Solving for a: A Constant Value Equation

[jalaldn]

answer = "a" is constant
a / 9 = x + 8
a / 8 = x + 7
a / 7 = x + 6
a / 6 = x + 5
a / 5 = x + 4
a / 4 = x + 3
a / 3 = x + 2
a / 2 = x + 1


a = ?

 

[Data]

Why do you think there's a solution? There isn't one.

Pick any two of the equations and solve them simultaneously for a, x. You will have a unique solution. Plug that solution into any other equation and see if it works (it won't).

 

[neurocomp2003]

is this a modulus question?

 

[jalaldn]

i got it by microsoft excel if you can't fint it answer is 254+254+1245+766

 

[eljose]

I got a=-n(n+1) perhaps he missed something...

\frac{a}{n}=x+(n-1)

 

[jalaldn]

yes that is wrong
answer = "a" is constant
a / 9 = x9 + 8
a / 8 = x8 + 7
a / 7 = x7 + 6
a / 6 = x6 + 5
a / 5 = x5 + 4
a / 4 = x4 + 3
a / 3 = x3 + 2
a / 2 = x2 + 1

a = ? a = 2519
i don't know how to explain

 

[3trQN]

2519 strikes a bell, it is close to 1/2 7!, which should help you find the answer.

 

[HallsofIvy]

yes that is wrong
answer = "a" is constant
a / 9 = x9 + 8
a / 8 = x8 + 7
a / 7 = x7 + 6
a / 6 = x6 + 5
a / 5 = x5 + 4
a / 4 = x4 + 3
a / 3 = x3 + 2
a / 2 = x2 + 1

a = ? a = 2519
i don't know how to explain

You've still written that completely wrong.
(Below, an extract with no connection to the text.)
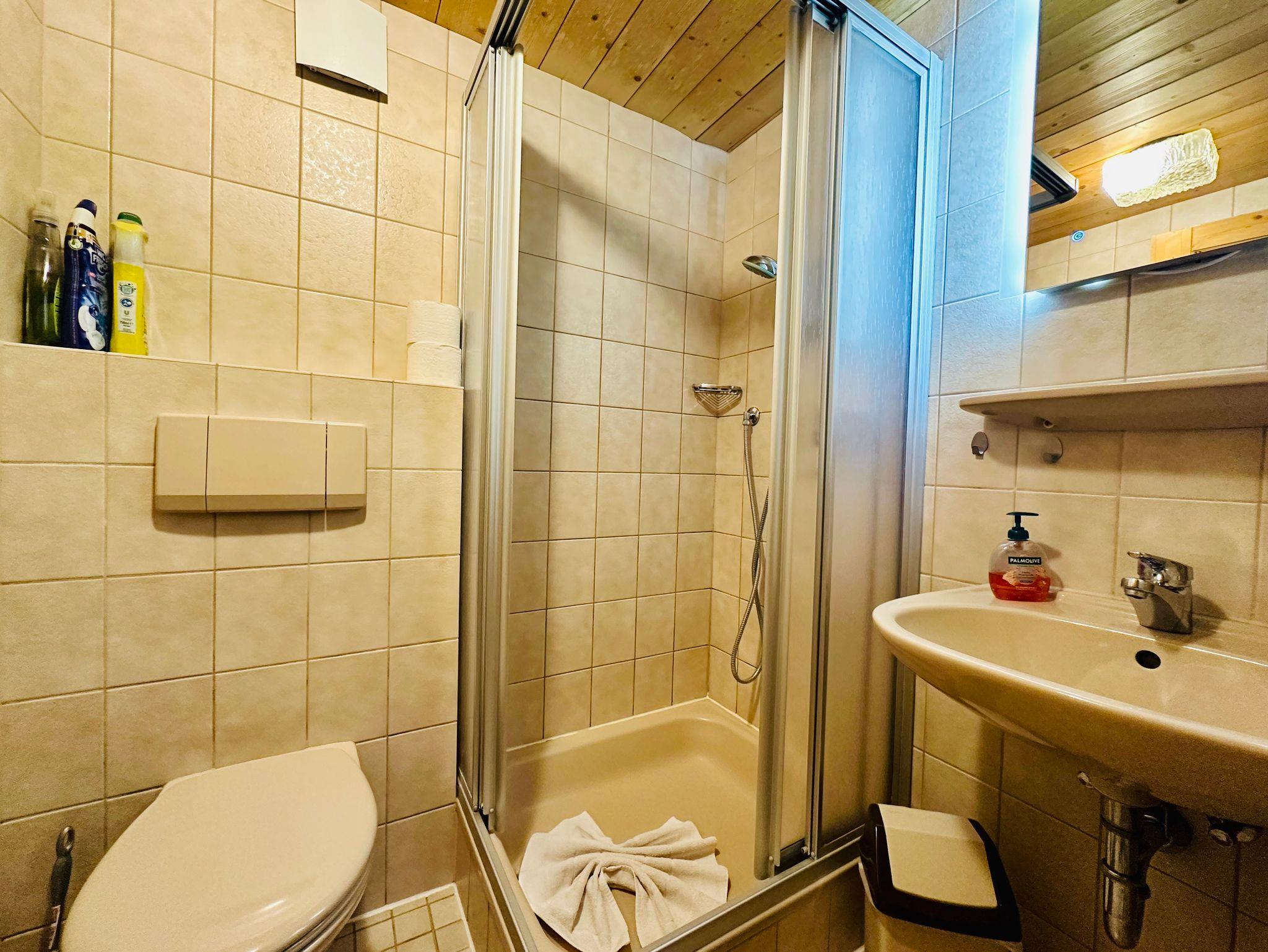 Bad mit Dusche, WC, Waschbecken und Haartrockner vorhanden.

You must mean:
a= 9x₁+ 8
a= 8x₂+ 7
a= 7x₃ + 6
a= 6x₄ + 5
a= 5x₅ + 4
a= 4x₆ + 3
a= 3x₇ + 2
a= 2x₈ + 1
where the "x"s are all (possibly different) integers.

That's a "Chinese remainder theorem" problem and can also be stated as
a= 8 (mod 9)
a= 7 (mod 8)
a= 6 (mod 7)
a= 5 (mod 6)
a= 4 (mod 5)
a= 3 (mod 4)
a= 2 (mod 3)
a= 1 (mod 2)

The smallest number divisible by 2, 3, 4, 5, 6, 7, 8, 9 is 9*8*7*5= 2520 (using the highest power of each prime).
2519 is one less than that: 2519= 2520-1 so 2519= 9(280)- 1= 9(279)+ 9- 1= 9(279)+ 8. 2519= 8(315)- 1= 8(314)+ 8- 1= 8(314)+ 7, etc.

 

[eljose]

Ah.."Hallsoftivy" but the problem with "mod" isn't the same posted above..i will try this last one that seems to be clearer...good luck.